FORM OF
(PORTIONS OF AGREEMENT AND DECLARTION OF TRUST OF
XXXXXX VARIABLE TRUST
(FORMERLY KNOWN AS XXXXXX CAPITAL MANAGER TRUST)
RELATING TO SHAREHOLDERS' RIGHTS)
ARTICLE I
NAME AND DEFINITIONS
(c) "Shares" means the equal proportionate transferable
units of interest into which the beneficial interest in the
Trust shall be divided from time to time or, if more than one
series or class of Shares is authorized by the Trustees, the
equal proportionate transferable units into which each series
or class of Shares shall be divided from time to time;
(d) "Shareholder" means a record owner of Shares;
ARTICLE III
SHARES
DIVISION OF BENEFICIAL INTEREST
Section 1. The Shares of the Trust shall be issued in one or
more series as the Trustees may, without shareholder approval,
authorize. Each series shall be preferred over all other series
in respect of the assets allocated to that series within the
meaning of the 1940 Act and shall represent a separate investment
portfolio of the Trust.

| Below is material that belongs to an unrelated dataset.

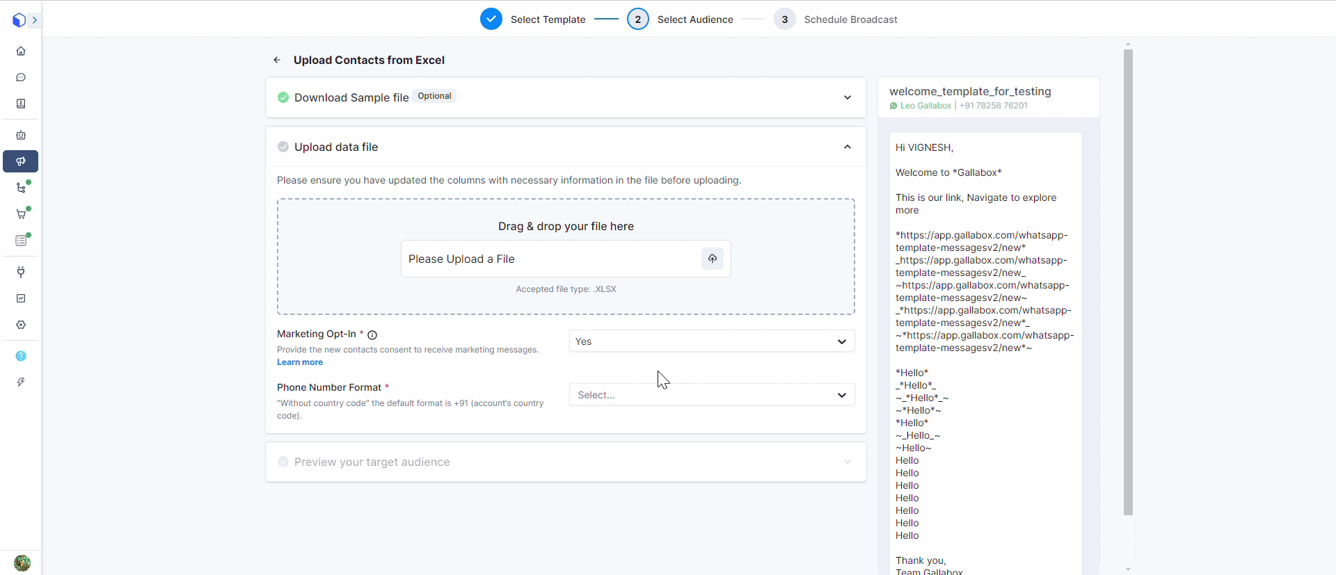 2. After you are done re-structuring the data as per the sample file, it is time to upload the excel file in Gallabox. Provide the Marketing - Opt in status and choose the Phone Number format to proceed with the broadcast.&#x20;

The beneficial interest in each series
shall at all times be divided into Shares, without par value,
each of which shall, except as provided in the following
sentence, represent an equal proportionate interest in the series
with each other Share of the same series, none having priority or
preference over another. The Trustees may, without Shareholder
approval, divide the Shares of any series into two or more
classes, Shares of each such class having such preferences and
special or relative rights and privileges (including conversion
rights, if any) as the Trustees may determine and as shall be set
forth in the Bylaws. The number of Shares authorized shall be
unlimited. The Trustees may from time to time divide or combine
the Shares of any series or class into a greater or lesser number
without thereby changing the proportionate beneficial interests
in the series or class.
OWNERSHIP OF SHARES
Section 2. The ownership of Shares shall be recorded on the
books of the Trust or a transfer or similar agent. No
certificates certifying the ownership of Shares shall be issued
except as the Trustees may otherwise determine from time to time.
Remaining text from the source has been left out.